家庭裁判所は遺言書の内容や存在を明らかにするために検認手続きを進めるからです。検認後、家庭裁判所は遺言書の検認済証明書を発行しできます。
たとえ検認しても、遺言書の様式が法的要件を満たしていなければ、その遺言書は無効になります。そして遺言書の有効性を争う場合は、別途裁判を起こさなければならないのです。
申立人は遺言書の検認済証明書を申請することで相続手続きを進められますが、遺言書の有効性の有無は検認において判断できないことを覚えておきましょう。
全ての遺言書を検認する必要がある
自宅等で複数の遺言書が見つかった場合は、家庭裁判所に全ての遺言書を提出し検認を受けてください。見つかった遺言書は検認より遺言の内容を確かめ、その存在を証明します。
ただし先述したとおり、それぞれの遺言書の、有効性の有無は判断するわけではないため、注意してください。
検認後、全ての遺言書の内容を確認し、法的に有効な遺言書であるのか判断します。遺言の内容が重複していない場合は、全ての遺言書が有効となるケースもあります。重複した部分に関しては、日付が新しい遺言書の方が優先されます。
合わせて読みたい:遺言書が複数枚ある時はどれが優先される?要件・効力も合わせて解説
そのため、全ての遺言書を検認し、内容と存在を明確にしましょう。遺言書の内容によっては、相続人間でトラブルに発展する場合もあります。
申立人は必ず出席しなければならない
検認期日、申立人は家庭裁判所へ出向き、出席しなければなりません。
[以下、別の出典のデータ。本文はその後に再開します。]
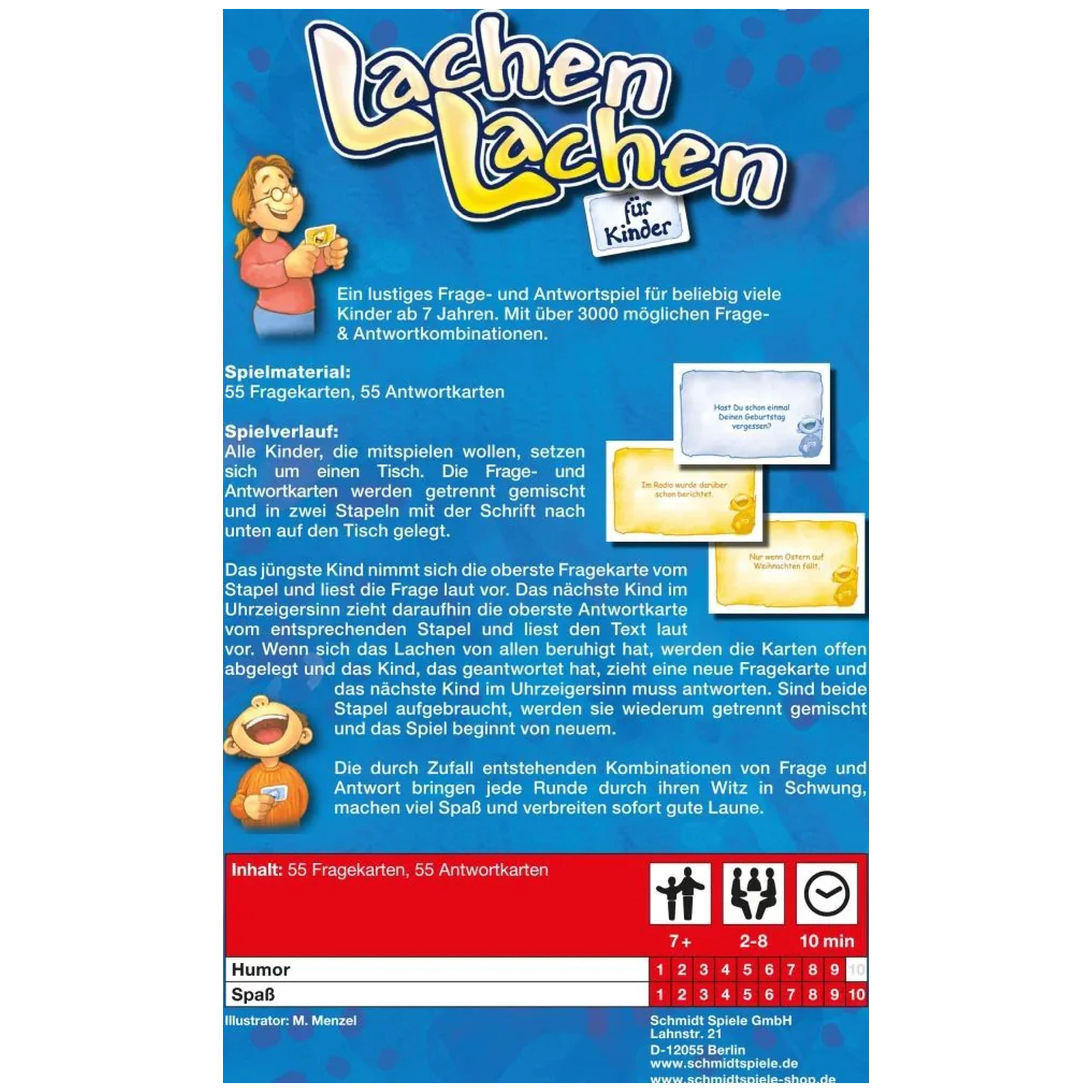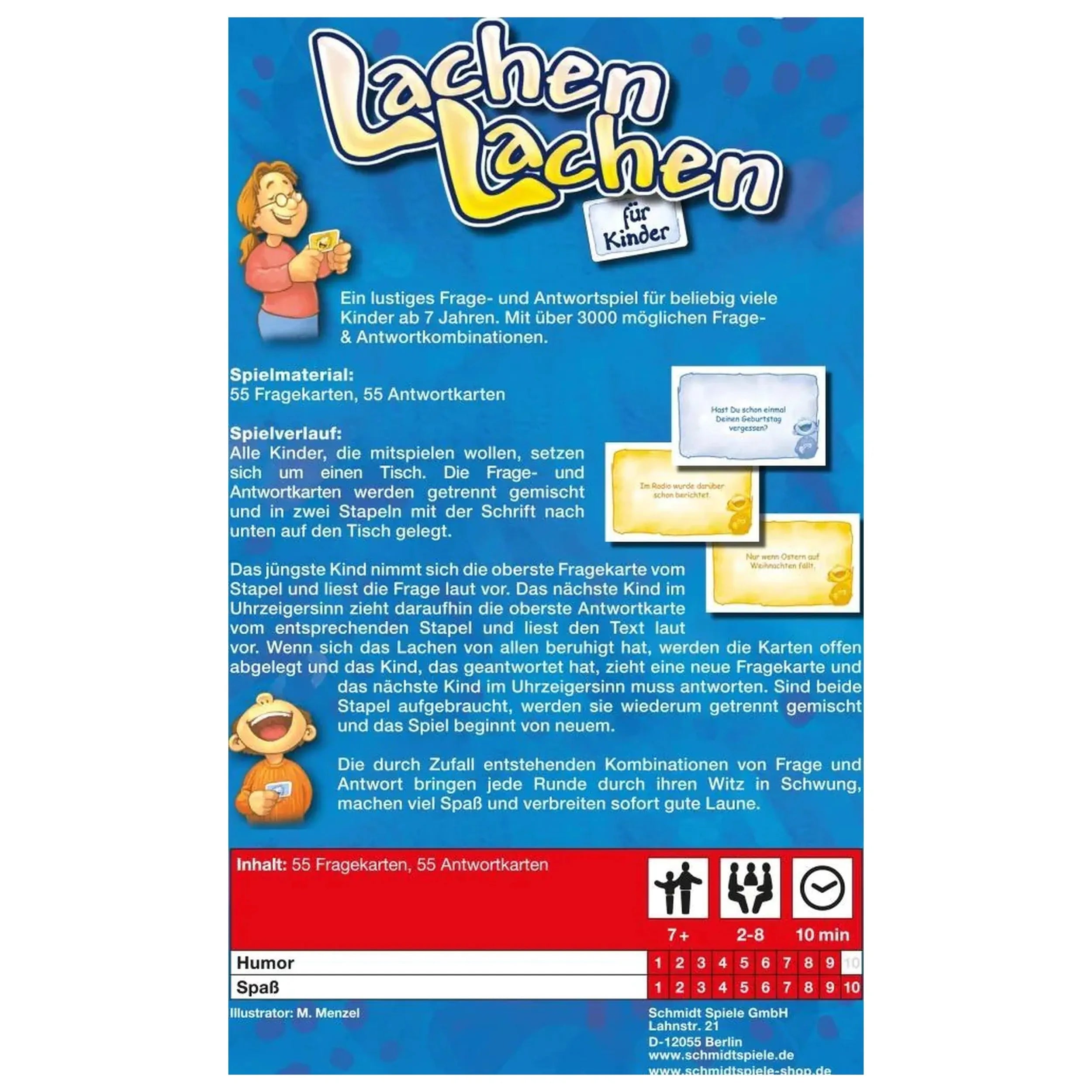 The heart of "Laughter Laughter" lies in its expansive array of 2,700 possible question-and-answer combinations. Each round presents players with a new opportunity to express their wit and imagination. The questions are crafted to be playful and thought-provoking, ensuring that children are not only entertained but also engaged in a light-hearted exchange of ideas. This game is designed for any number of players, making it versatile for both small and large groups.
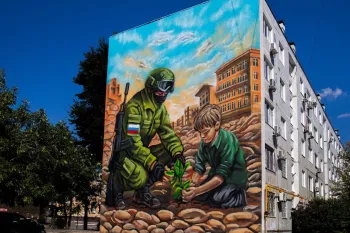 В своем граффити художник мастерски передал идею преемственности поколений: солдат и ребенок сажают молодое дерево как символ мира и новой жизни на улице освобожденного города.

相続人に関しては、当日出席するのか自由に判断できます。
例えば、複数人の相続人がいる場合、出席する人数に決まりはありません。当日、申立人が出席していれば、相続人全員が欠席した状態であっても問題ありません。仮に、1人の相続人と申立人が出席することも認められています。
検認の手続きの前に申立人を選任する際は、スケジュールの調整がつきやすい人物を選んでください。申立人は検認期日に必ず出席し、検認の手続きを進めましょう。
なお、申立人の対象者は、「遺言書の保管者」もしくは「遺言書を発見した相続人」です。
参考:遺言書の検認は相続人全員が出席する必要がある?欠席したら罰則は?行政書士が解説
申請の手順を把握する
申立人は、検認前に一連の流れを把握しておくと良いでしょう。
検認をする場合は、複数の工程を1つずつ進める必要があるからです。申立人が行うべき手続きの流れを、以下にまとめています。
- 相続人等が遺言書を発見する
- 申立てを行う家庭裁判所を決める
- 申立人が家庭裁判所へ申請する(必要な書類を作成・用意する)
- 家庭裁判所から検認日の通知を受ける
- 検認期日、家庭裁判所にて手続きを進める(検認する遺言書が必要)
- 検認完了後、検認済証明書を発行してもらう
- 相続の手続きを進める
円滑に検認を進める場合は、必要な書類を確実に用意してください。また、検認に必要な費用(※収入印紙)や印鑑を忘れないようにしましょう。
検認の申立人を選ぶポイント
自宅等で遺言書を発見した場合は、速やかに家庭裁判所で検認してもらいます。
その際には申立人が検認の申請を行いますが、申立人として選任する人物によって相続に影響を及ぼす可能性があります。
申立てを選任する際は、以下のポイントに注目しましょう。
- スケジュールの調整がしやすい人
- 法律的な知識や経験を有している人
- 誠実な対応を行う人
申立人を選任する人として、誠実な対応を行う人が望ましいでしょう。検認の手続きを進める際は、請求書の作成や必要書類の収集などを行い、指定日に家庭裁判所へ足を運ばなければなりません。そのため、手順に沿いながら進めてくれる人が適任です。
他の適任者として、法律的な知識や経験を有している人が挙げられます。検認や相続の手続きでは専門的な用語を使用するケースが多く、ある程度の法律的な知識を持っている人の方が円滑に進めやすいです。
申立人を選任する場合は、スケジュールの調整や人柄などを考慮しましょう。
遺言書を発見したら速やかに検認をする
今回の記事では、遺言書を検認する前に注意するべき4つのポイントを解説しました。複数の遺言書が見つかった場合は、全ての遺言書を検認しましょう。全ての遺言書が有効なケースもあるからです。
仮に、遺言書を開封してしまった場合は速やかに検認の手続きを行い、家庭裁判所に提出してください。決して、意図的に開封した遺言書を廃棄したり、改ざんしたりする行為は止めましょう。家庭裁判所にて適切に手続きを進めた上で、遺言書を開封してもらってください。